The nation could deploy 450,000 soldiers — including roughly 260,000 reservists and 185,000 standing forces — as a first-response force in the event of a military invasion, Minister of National Defense (MND) Yen De-fa (嚴德發) told a meeting of the Legislative Yuan’s Foreign Affairs and National Defense Committee yesterday.
Chinese Nationalist Party (KMT) Chairman Johnny Chiang (江啟臣) asked whether the ministry had an estimate of how long it would take to recall reservists if a war broke out, adding that, if not, the ministry should definitely conduct simulation exercises.
The ministry has plans to conduct such simulations in 2022, Yen said, adding that recall and training programs would be staggered for the least disruption to social order.
Chiang said that the ministry must have the information, even at the cost of disrupting society.
The ministry has considered extending recall and training programs to two weeks to address such concerns, Yen added.
Democratic Progressive Party (DPP) Legislator Tsai Shih-ying (蔡適應) asked about leave for reservists, their discipline and whether active-duty female soldiers should serve as reservists.
The Regulations on Leave Days for the Reservist Recall and Training Program (國軍後備軍人教育召集訓練期間休(請)假實施規定) state that reservists are not allowed to take leave during a recall, although an emergency might qualify them for at most two days’ leave, General Mobilization Office Director Han Kang-ming (韓岡明) said.
Recalled reservists receive the same punishment as active-duty soldiers for any breach of the code of conduct for military personnel, such as drinking alcohol before returning to base or not returning to base, Han added.
Tsai cited Internet users’ posts that active-duty female soldiers should serve as reservists and asked for Yen’s “professional opinion.”
Existing laws do not require active-duty female soldiers to serve as reservists, but the increasing number of women in the military has prompted calls for them to be eligible for recalls.
In 2018, the ministry said that it might begin listing active-duty female soldiers as reservists, but so far no measure has been announced.
Asked whether the ministry should reveal the number of available soldiers, Association of Strategic Foresight research fellow Chieh Chung (揭仲) said that the figure is not sensitive information, as it could be deduced from public documents.
The key is whether reserve forces can be rapidly deployed when a crisis hits, especially when shorter reaction times are crucial as the Chinese People’s Liberation Army continues to improve its capabilities, he said.

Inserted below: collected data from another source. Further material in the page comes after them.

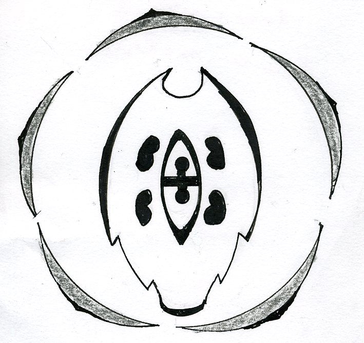 Laurus floral diagram
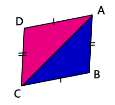 SSS
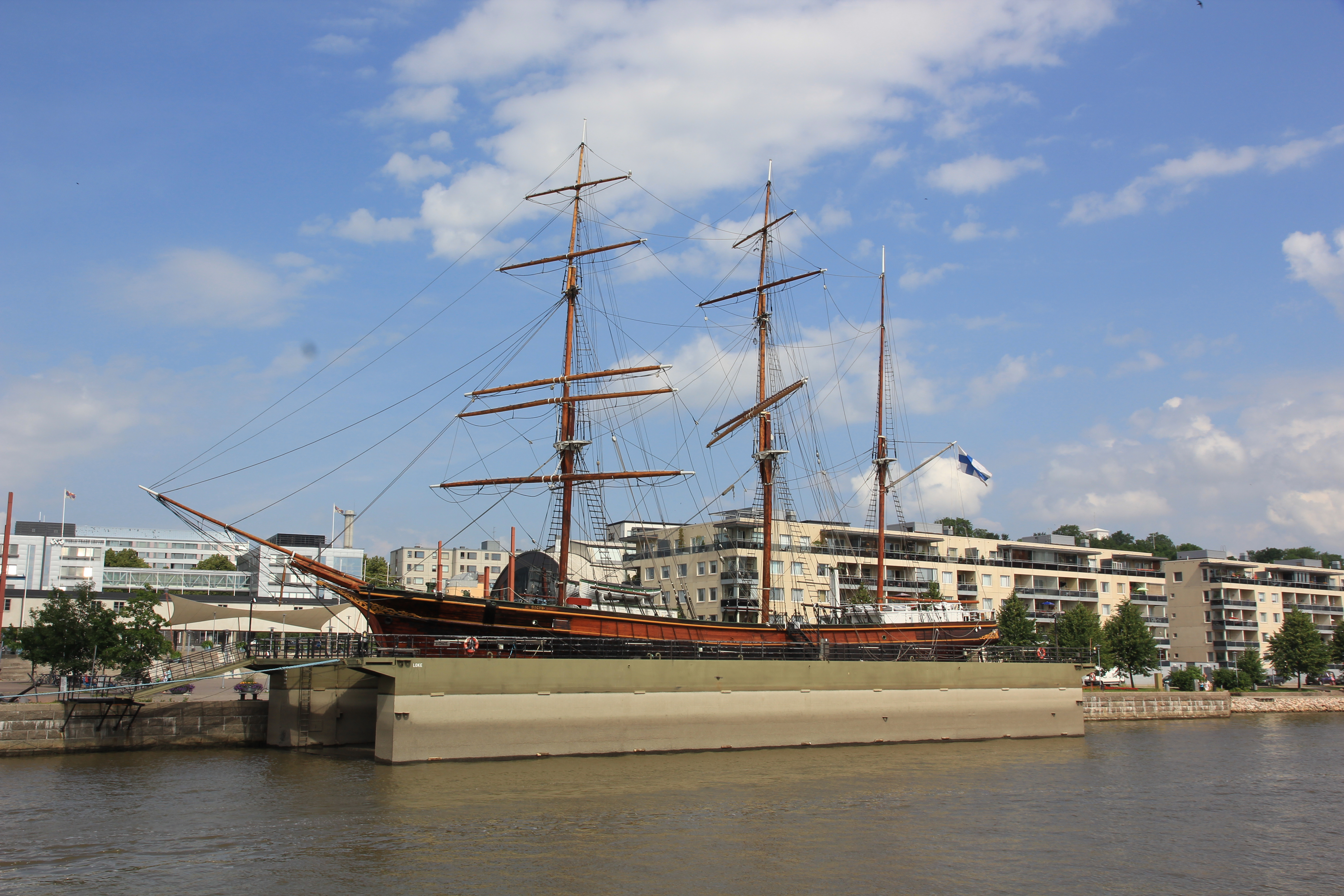 Museum ship Sigyn in Aura river in Turku. The floating dry dock has been raised so the ship is clear from the water.
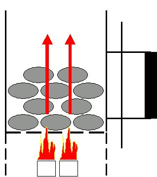 drawing function chimney to fire charcoal for bbq
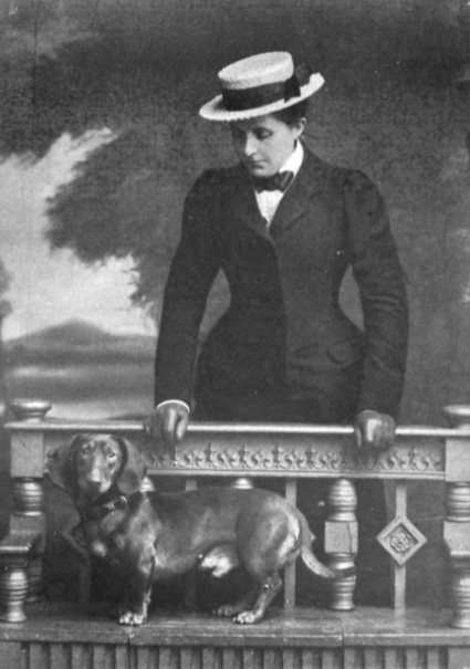 Mary Louisa "Mollie" Martin (1865-1941), Irish tennis player, 9 times winner at the Irish championships
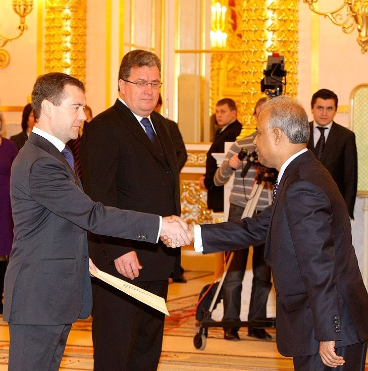 THE KREMLIN, MOSCOW. Presentation of foreign ambassadors’ letters of credence. Ambassador of the People’s Republic of Bangladesh S. M. Saiful Hoque presents his letter of credence to the President.
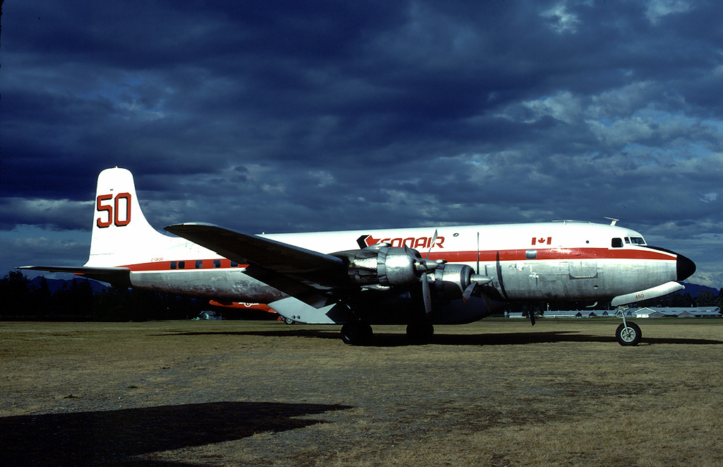 Conair Douglas DC-6 C-GKUG at Abbotsford International Airport
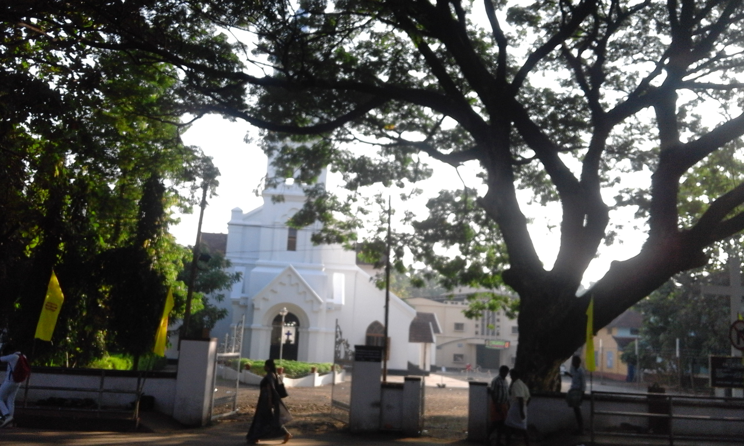 Christian church at Mananchira pond, Kozhikode, India.
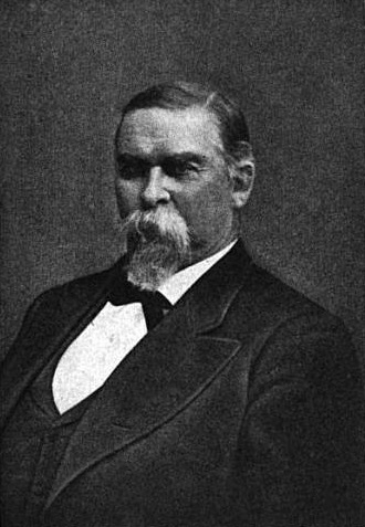 John William Reid, Missouri Congressman.
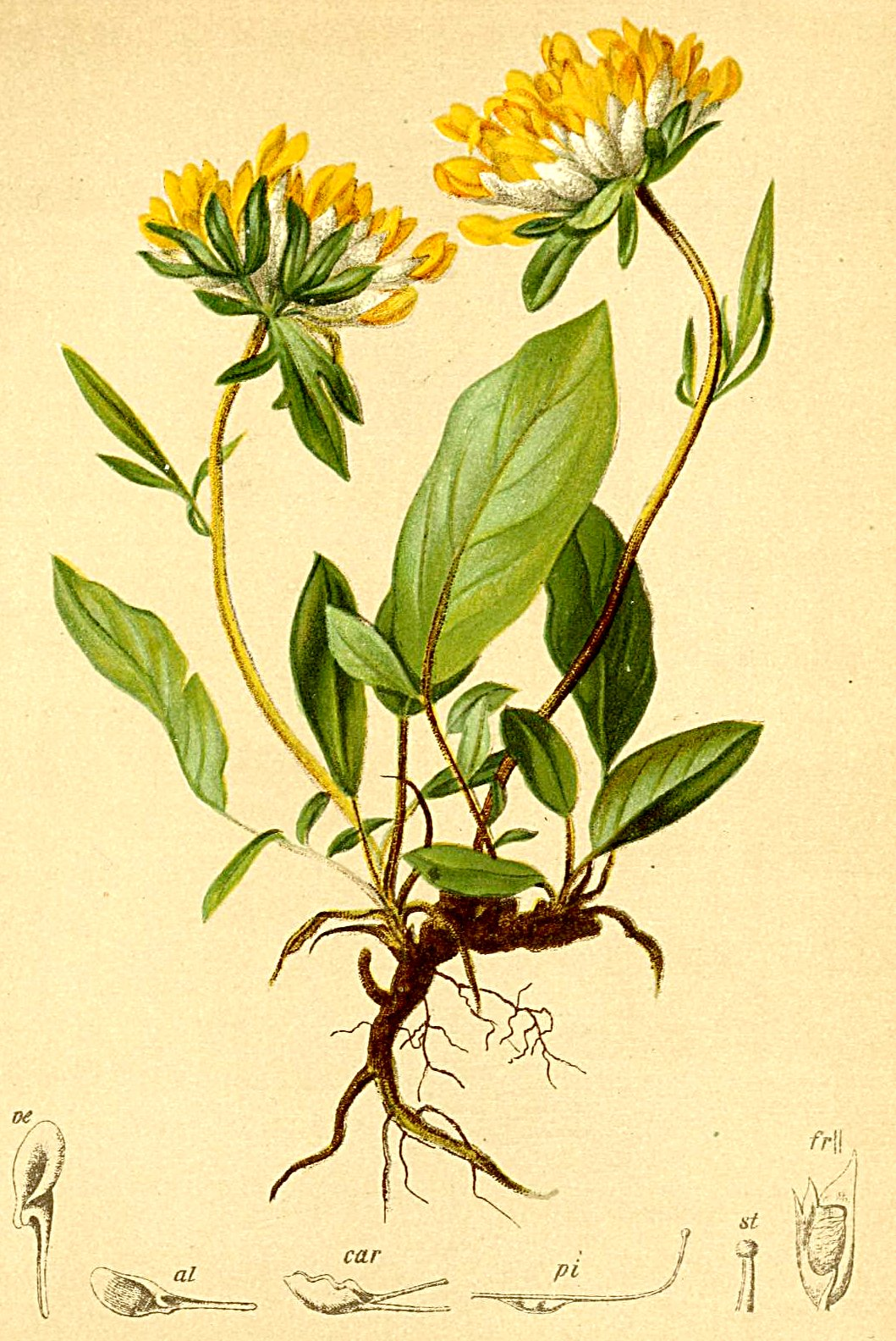 Anthyllis alpestris
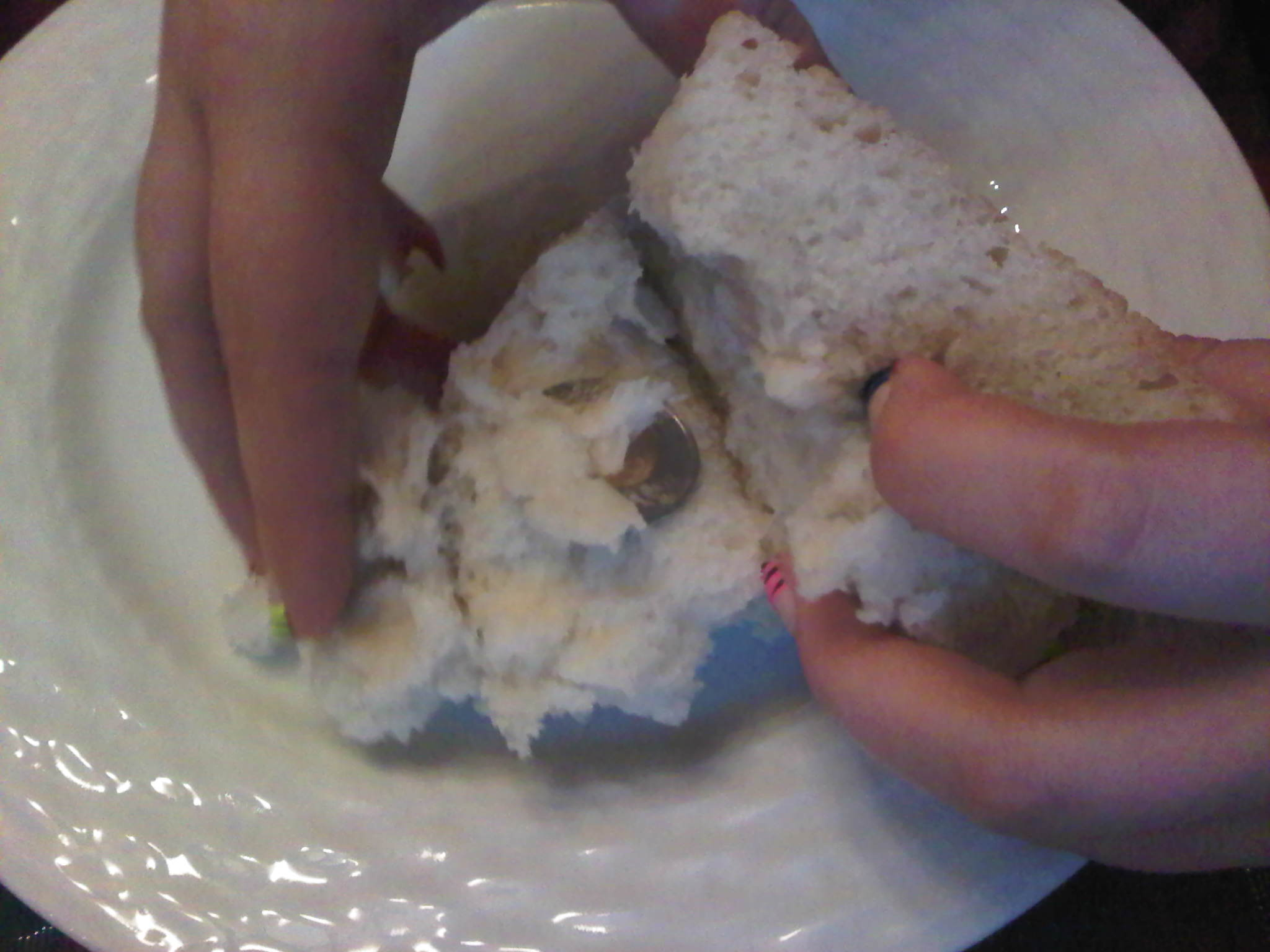 Traditional Bread for Christmas Česnica with Dukat (Golden Coin)
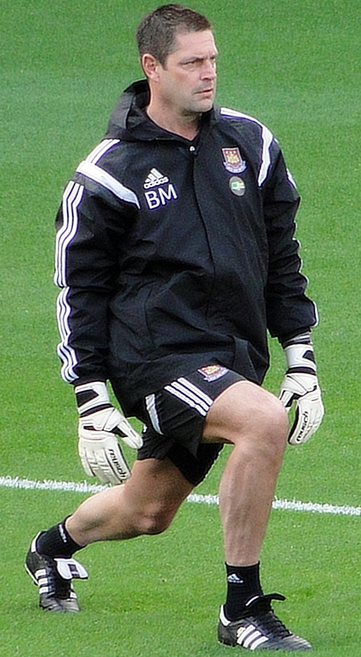 West Ham United goalkeeping coach, Bobby Mimms, before their Premier League win against Manchester City at the Boleyn Ground October 2014
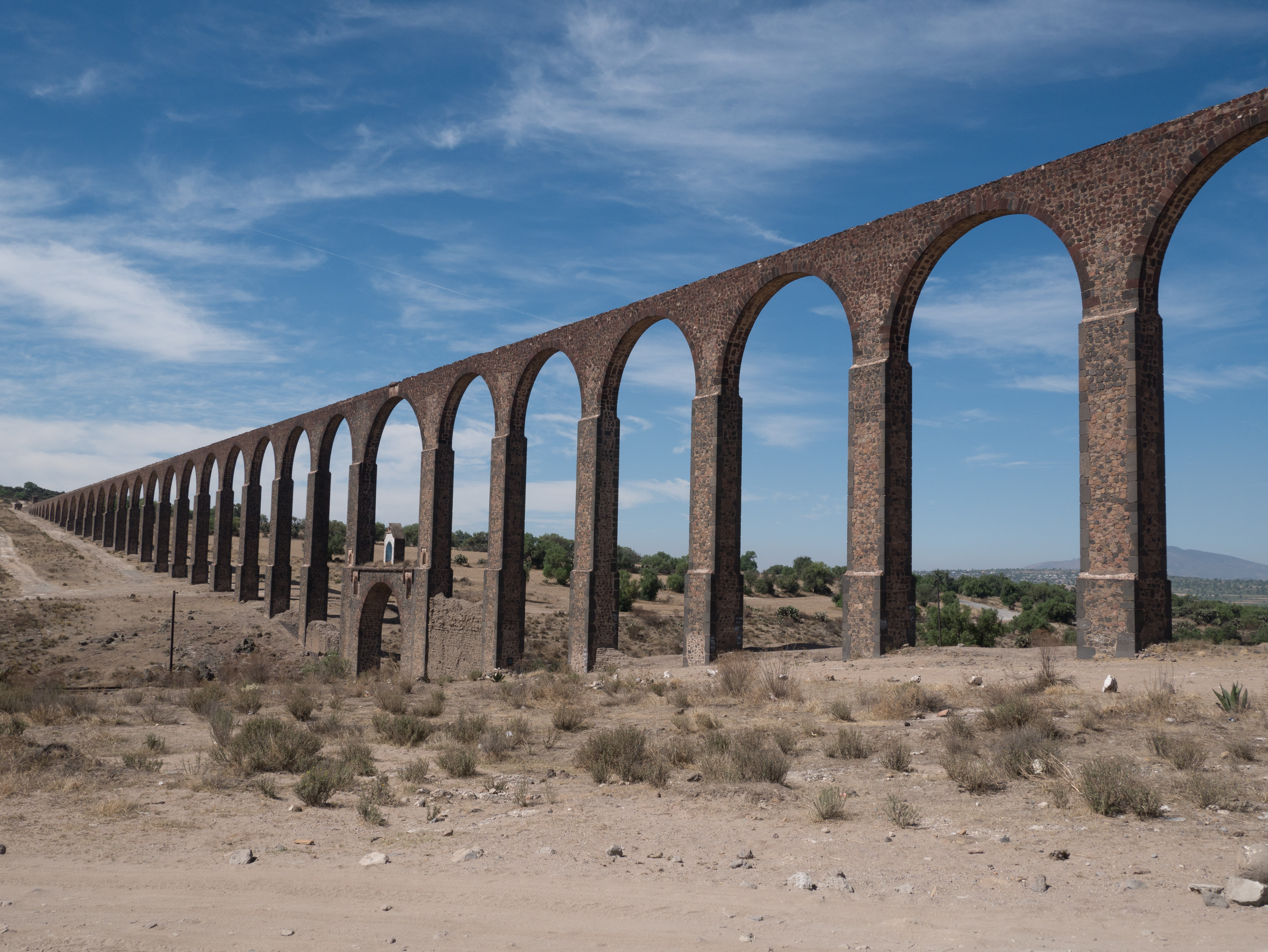 Started by Padre Tembleque in 1553, finished 17 years later the aqueduct was the tallest in the world since Roman times. This arcade (segment) has 67 arches, is 127 feet high at the ravine, nearly half a mile long
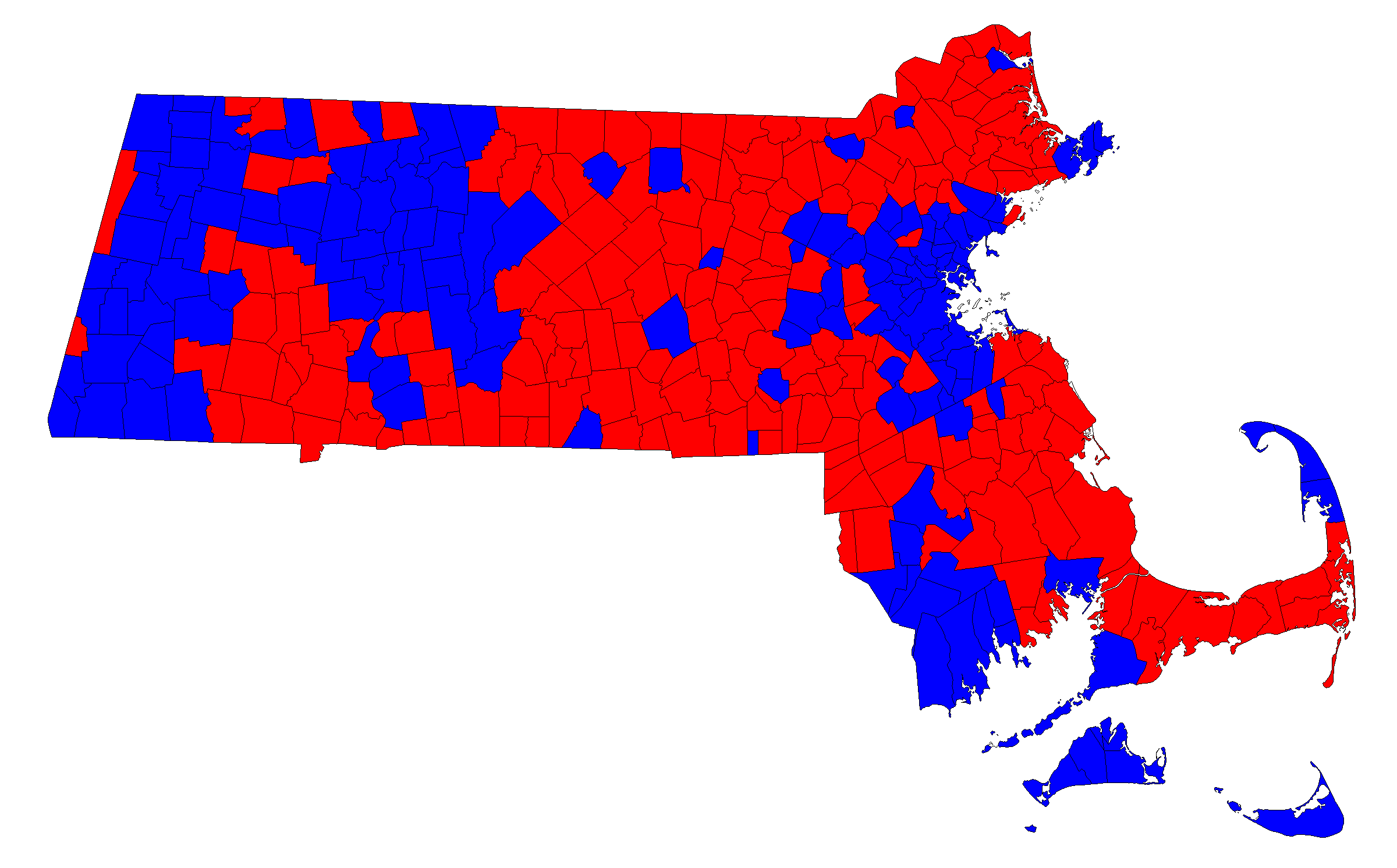 Results of the 1996 United States Senate election in Massachusetts. Towns in blue won by Kerry, red by Weld. Data procured at

The ministry’s response time is also dependent on whether the government declares a wartime emergency, which would have considerable social costs and affect diplomatic negotiations, Chieh said.
Many reservists lack proper combat training, National Taiwan University political science associate professor Chen Shih-min (陳世民) said, urging the government to extend military service from four months to six months, or longer.
Lawmakers of all parties should consider if military conscription should be reinstated, he said, adding that the system is unwelcome by many, but might prove essential.
Given that, President Tsai Ing-wen (蔡英文) should speed up military reforms while her support base is strong and she is not under pressure to be re-elected, he said.
Improving the nation’s reserve forces is not just the ministry’s job, said Su Tzu-yun (蘇紫雲), director of the Institute for National Defense and Security Research’s Division of National Defense Resources and Industries.
The Executive Yuan should coordinate with other agencies — including the Ministry of Education and the Ministry of Finance — and modify regulations so that schools and workplaces are more willing to release people for defense training, Su said, adding that tax exemptions, salary subsidies and bidding incentives are all feasible.